Prosecute The Architects Of Trump Lawfare For Election Interference

By: Victoria Toensing and John Yoo

Rather than revenge, the Justice Department should defend the constitutional rights of candidate Trump and his voters.

In his second inaugural address, President Donald Trump declared that the “weaponization of our Justice Department and our government will end” and that he would “re-balance” the scales of justice. He now faces an important decision: whether to investigate the founders of the lawfare campaigns against him — beginning with New York Attorney General Letitia James and New York City District Attorney Alvin Bragg. He would have at his disposal the same legal theory that the Biden Justice Department constructed just for him: interfering with the presidential election deprived Americans of their constitutional rights to run for office and vote.

Special Counsel Jack Smith announced this unprecedented theory by charging Trump with depriving all Americans of their voting rights by challenging the outcome of the 2020 election.

The demise of independent counsels, which had a very low threshold to trigger appointment, illustrates how Democrats respond when feeling the sting of onerous investigations. Democrats loved the 1978 Independent Counsel Act, which was used five times against the Reagan administration and twice against George H.W. Bush. It was “good government” until it wasn’t. When the Clinton administration got hit with seven independent counsels, enough was enough. Democrats cheered its expiration in 1999, having discovered it was too costly.

Turning lawfare on its creators is not about revenge.

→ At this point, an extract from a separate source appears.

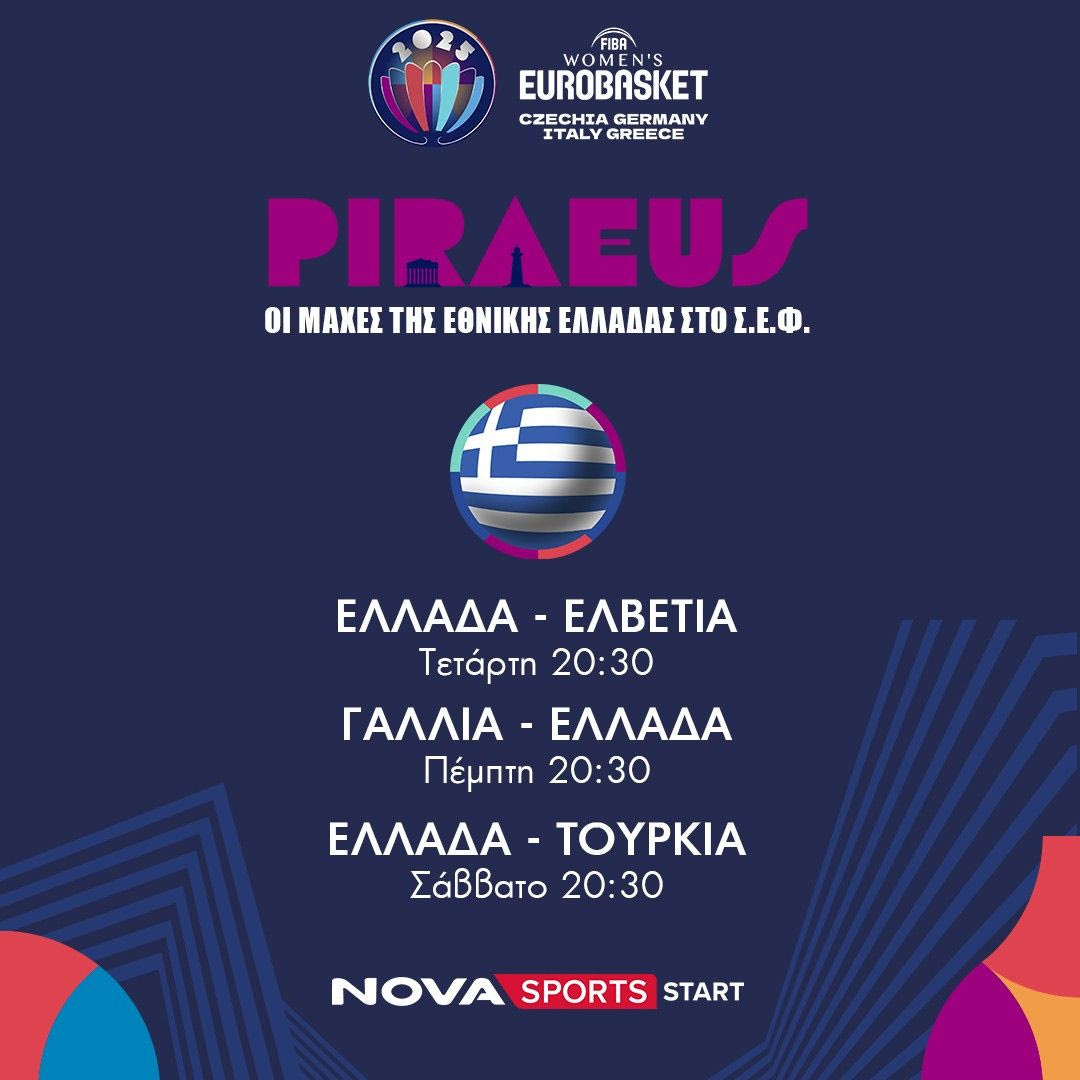 Αναλυτικά το πρόγραμμα του FIBA Women’s Eurobasket στο Novasports έχει ως εξής:

It will serve as a deterrent to prevent future abuse and will restore public confidence that justice is even-handed. Individuals who have carried out lawfare have not only destroyed faith in our legal system but also may have violated the law. A federal statute, 18 U.S.C. 241, prohibits conspiring to “injure, oppress, threaten, or intimidate” a person exercising constitutional rights or privileges. Clearly President Donald J. Trump had constitutional rights and privileges to run for office and govern, not to be imprisoned for contrived crimes, and not to be deprived of property based on abuse of federal and state justice systems. According to the Biden administration’s own theory, preventing a candidate from running and assuming office also deprives supporters of their rights to vote.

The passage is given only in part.